Publisher: Tracey McDonald Publishers

I was in my mid-teens when I went out with my parents one night to the Durban Folk Club. I don’t remember much from that evening. The image of one musician, however, has always stayed with me. He was a skinny bloke with black hair down his back. He was wearing a long black coat, a leopard skin hat and an acoustic guitar. That was Syd Kitchen.

More than deserving of a place in Durban’s pantheon of colourful characters, struggling musos and lovable rogues, his bittersweet, tragicomic life is laid bare in Cape Town author Donvé Lee’s Scars That Shine. It’s not often you come across an autobiography that isn’t written by the subject, but Lee went out on a creative limb and,writing in first person, succeeded in capturing Syd in his own voice. Moments of clarification, verification and vilification are provided by those who drifted in and out of the old skabenga’s life.

Lee first met Syd in 2001. Later, on another of his trips to Cape Town, he semi-seriously asks her to write his memoirs one day. The guitar-toting reprobate would be delighted to know that she’s done just that. Lee found her way into his hyper hippy head through hours of research and talking to his daughters, musicians, academics and long-suffering friends and lovers.

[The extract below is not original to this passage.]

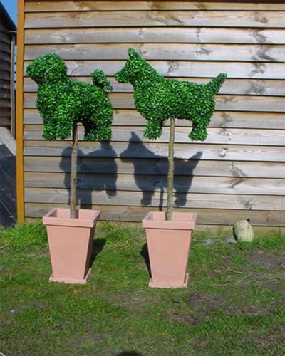 Зеленые скульптуры топиари. А знаете ли вы, что скрывается за красивым словом «топиари»? Топиари — это деревья и кустарники, которые постоянно стригут для придания им определенной формы. За основу древние садоводы брали пряморастущие вечнозеленые растения с большим количеством мелких листиков или иголок. Зеленые скульптуры топиари. Путем тщательного ухода из них формировали большие шары, колонны, беседки и т. д. Встретить такие зеленые скульптуры можно было только в усадьбах знати и высокопоставленных чиновников, ну и, само собой, во дворцах древних правителей. Зеленые скульптуры топиари. Есть мнение, что родоначальником этого удивительного приема был присматривающий за угодьями Цезаря садовник по имени Калвена. Правителю так понравилось, как последний фигурно подрезал дерево, что он потребовал, чтобы его владения украшали только такие красивые скульптуры. Зеленые скульптуры топиари. Позднее этот же садовник вырезал из большого куста бюст Цезаря, за что был щедро одарен. В римской империи мастер, знающий искусство топиари, оценивался в стоимость нескольких десятков рабов, но сам он таковым не являлся, а был скорее приближенным и передавал свои знания только лучшим ученикам. С экспансией распространилась и модельная стрижка. Каждая провинция привносила что-то новое, и вскоре появились даже школы «фигурного» искусства. Зеленые скульптуры топиари. Одновременно художественная стрижка растений развивалась и на Востоке. Правда, там она из элемента ландшафтного дизайна превратилась в постулат философии и стала называться «бонсаи». Хозяин не мог принимать гостей в саду, если там не поработал архитектор. Из растений вырезались беседки, коридоры и даже статуи Будды. Но все же это действо отличалось от топиарного искусства других стран. Зеленые скульптуры топиари. В России же подобное мастерство распространилось при Петре I, который был наслышан про диковинные кусты и деревья неприродных форм, растущих в садах правителей Европы. Он приказал садоводам своего двора немедленно изучить все тонкости этого дела, зачем и отправил их заграницу. По возвращении на родину они тут же принялись за работу в новом городе — Санкт-Петербурге. Но заграничные кусты и деревья плохо переносили российские морозы, и поэтому им пришлось искать отечественные аналоги. Ими стали рябина, ель, липа, можжевельник, черемуха. Зеленые скульптуры топиари. В нашем XXI веке уже нет каких-то определенных стилей в ландшафтном дизайне. Почти во всех садах происходит смешение сразу нескольких вариантов, что приводит к небольшому творческому хаосу. Дизайнеры стремятся придать участку естественность, но с видимыми элементами творения рук садовника. Растения, обработанные в технике топиари, сразу приковывают к себе глаз, и поэтому их почти всегда располагают в середине какой-либо группы посадок, около дома или в центральных зонах участка. Зеленые скульптуры топиари. Следует отметить, что эти композиции хорошо смотрятся только на больших пространствах. Хотя и владельцы шести соток размещают у себя мини-скульптурку, выполненную вполне фигурно. Так что обладатель любой площади может почувствовать себя королем и получить свой собственный Версаль. Рассказывает портал Лог-ин.

Syd spent much of his life in Umbilo. Determined to be as good a guitarist as his brother Pete, he worked hard at developing his talent. He worked even harder at developing his addictions. If it was harmful and within reach he’d have some of it. He had no off-switch and the idling was set too high. It’s perhaps fitting the final chapter is titled, Till the Engine Seizes.

To say Syd was his own worst enemy is an understatement. He did more than anyone to sabotage his career. And yet there were moments of brilliant sunshine that streamed into the murk and mayhem. At the age of 40, he gets his honours in musicology from the University of Natal. He travels overseas to record a track on a John Martyn tribute album. Documentaries are made about him. He’s the renegade in the Aquarian Quartet with Steve Newman and Tony Cox. He plays Glastonbury.

Through it all is a simmering rage that he never made it as big as he thought he deserved. Scars That Shine whips the reader through a life that leaves one open-mouthed in admiration and antipathy in equal measure.